DALLAS-After a flurry of activity earlier this summer, mortgage lenders have spent weeks sitting, waiting and worrying about the potential impact of the qualified residential mortgage (QRM) rule.
The proposed rule would require, among other provisions, a 20 percent cash down payment on a purchase mortgage and no 60-day delinquencies for potential borrowers on any debt in the past 24 months. The QRM rule is part of a larger effort to address abuses in the mortgage process, including requiring lenders and securitizers to retain 5 percent of risk after securitization.
After the proposal met with enormous resistance from a number of sectors, the comment period on QRM was extended to Aug. 1 from June 10. David Motley, president of CU Members Mortgage, said the process is now in the hands of financial regulators.
"As I understand it, the rule must be adopted unanimously by all of these different regulators, so if one drops out then substantial changes would have to be made to the rule," Motley said. "We have not heard from regulators what QRM will look like, or if there's even going to be a QRM. Maybe all of these comments are opening their eyes a little bit."
The original intent of the rule-which came out of the far-reaching Dodd-Frank Act-was to ensure the issuers of mortgage-backed securities had an incentive to protect the investors who buy such securities. QRMs require risk retention, as the issuer of the security and the lender each has to retain some of the risk of a loan that is not classified as a "qualified" mortgage. But Congress left it up to regulators to define "qualified," which resulted in several onerous restrictions.
"We would like to see QRM definition dropped altogether, and just have the QM definition that has more flexibility," he said. "QM has some problems, also, but it does not have maximum loan-to-value restrictions and prescriptive debt-to-income limits."
According to Motley, QM in a nutshell says a borrower must demonstrate the ability to repay. There has been some disagreement around safe harbor provisions that bar future claims by a borrower that the lender did not follow the rules, and rebuttable presumption, which deals with litigation in a foreclosure claim. The rebuttable presumption structure raises the possibility of more lawsuits and greater costs, he noted.
Knocking Out 70 Percent
The "good thing about QRM," Motley continued, is if lenders follow all the prescriptive limits, it is in essence a safe harbor and the lenders would be largely protected from lawsuits. "But the restrictions on QRMs are so restrictive they knock out 70 percent of the population," he asserted, citing limits that state no more than 28 percent of a borrower's gross monthly income can be applied to housing payments, and no more than 36 percent of gross monthly income can be applied to any recurring debt. "This will have a disparate impact on minorities and protected classes. QRM, as written, is just too damn restrictive."
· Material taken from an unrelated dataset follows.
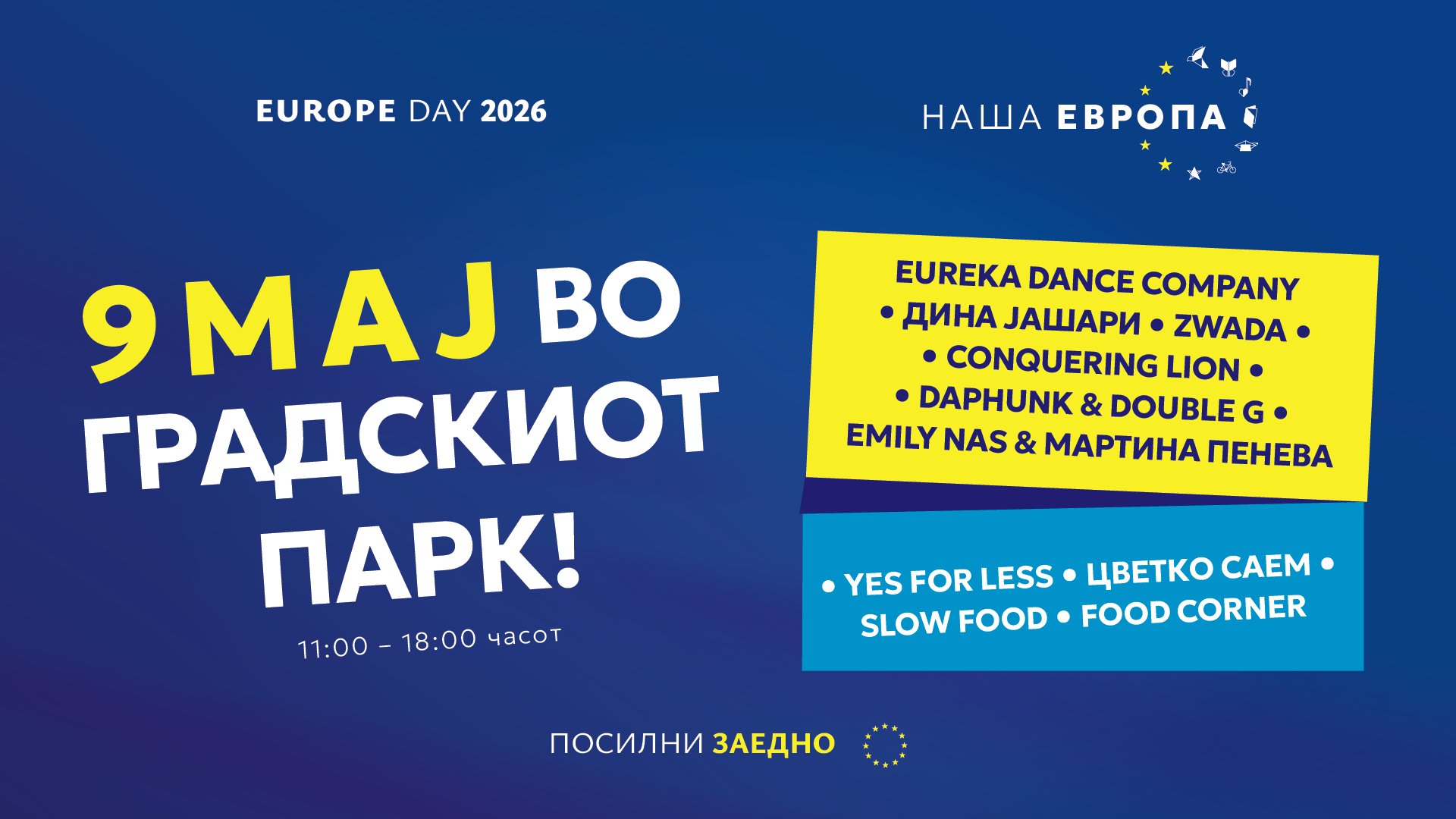 На 9 мај, по повод Ден на Европа, во Градскиoт парк во Скопје ќе се одржи настан под мотото „Уживај ја Европа“, со повеќе тематски зони наменети за различни генерации посетители.

The comment period was extended for nearly two full months, "and now we have not heard a word since, so I assume they are still reading all the comments," Motley assessed. "With all the public outcry, from lenders to consumer groups to Realtors, Congress is backtracking and saying they never meant for such prescriptive limits. I think they did mean for it to be prescriptive, but they didn't realize the consequences of their action."
Although the official comment period has closed, Motley said credit unions can do what CU Members Mortgage is doing: have continuing discussions with legislators and attempt to convince lawmakers they should weigh in with regulators and get them to loosen the "prescriptive standards" of QRM.
Why is this so important? Motley cited the example of someone who is attempting to refinance his house after QRM rules are put into place. Although the borrower originally made a 20 percent down payment at purchase time, due to market declines his house is worth less than he paid for it. In this scenario, if the loan-to-value ratio is 82 to 18 percent, instead of the prescribed 80 to 20 percent, there would be a hefty financial penalty.
"Rates on QRM loans are expected to be the lowest because they are the least risky, but someone who is just 2 percent off on the value of the house might face a rate up to 300 basis points higher," Motley explained. "Instead of getting a mortgage at 4 percent, that person might have to pay 7 percent. Is that fair?"
Similarly, if the hypothetical borrower took out a small loan that pushes his debt ratio to 38 percent instead of 36 percent, he would get hammered on his mortgage rate even though most lenders today would be happy to lend to someone at 38 percent
What is needed, said Motley, are prudent and flexible standards that protect lenders. "But these highly prescriptive numbers do not need to be put in place that govern all loans," he declared. "These types of knee jerk responses are bad. We need to take time and get it right, not just throw something out there to make it look like Congress is tough on crime."